Sendero La Paciencia, Tierra del Fuego.

“Existen varios aprendizajes de distinta naturaleza, de la cultura, relaciones, problemáticas, también comprender cómo opera la ciencia, entender sus dificultades y la importancia de sus estudios. Además existe un aprendizaje propio sobre distintas formas de vida, son elementos que te transforman, desde los mismos territorios y de lo simple, aprender del trabajo y del sacrificio, son cosas muy espirituales que te van cambiando y te da experiencia”, destaca el realizador audiovisual, quien hasta el momento había realizado mucha etnografía, pero nunca asociado a elementos científicos desde la biología.
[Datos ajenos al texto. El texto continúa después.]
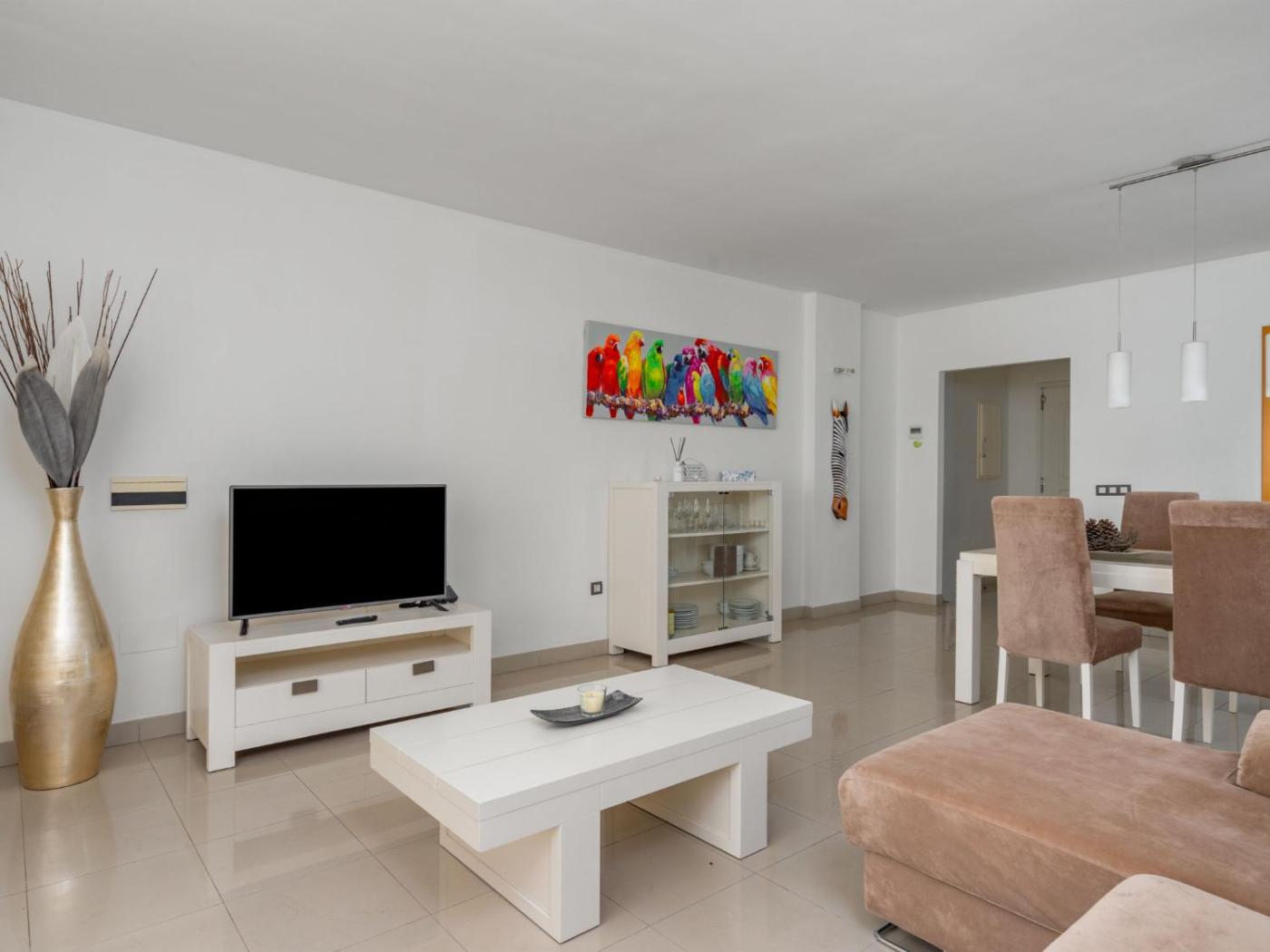 Apartamento. This spacious apartment comprises 2 bedrooms, kitchen, a terrace and 2 bathrooms with a bath. In the well-fitted kitchen, guests will find a stovetop, a refrigerator, a dishwasher and kitchenware. This apartment features air conditioning, a washing machine, a TV and a patio. The unit offers 3 beds.

Sobre la continuidad de estos ensambles de saberes y conocimientos entre arte y ciencia, el profesional anima a que las instituciones comprendan la importancia de lo que realizan, y que es necesario obtener recursos para divulgar estos conocimientos, saberes y reflexiones socioecológicas. “Esta es una serie documental urgente para Chile, comprender desde el ámbito científico pero con herramientas audiovisuales. Esta obra audiovisual posee un formato documental no sólo para comunicar lo científico, sino para compartir el arte de la cinematografía, que es algo que me interesa mucho. La contemplación, la atmósfera, la fotografía, es el componente que ha impulsado este proyecto para divulgar conocimiento y realidad, tanto para la gente de los territorios como las personas de grandes ciudades, quienes parecen estar distantes pero no. La tierra, el agua y los paisajes son uno solo, y es vital comprender su importancia en nuestras vidas”, destacó Saavedra. En ese sentido, uno de los objetivos de la obra es conmover e impresionar desde lo sensorial, por lo tanto existe una gran exigencia en el montaje de cada capítulo, etapa en la que se encuentra el equipo audiovisual para exhibir el primer capítulo a fines de marzo por el Canal UChileTV, el cual también será compartido por las redes sociales del IEB.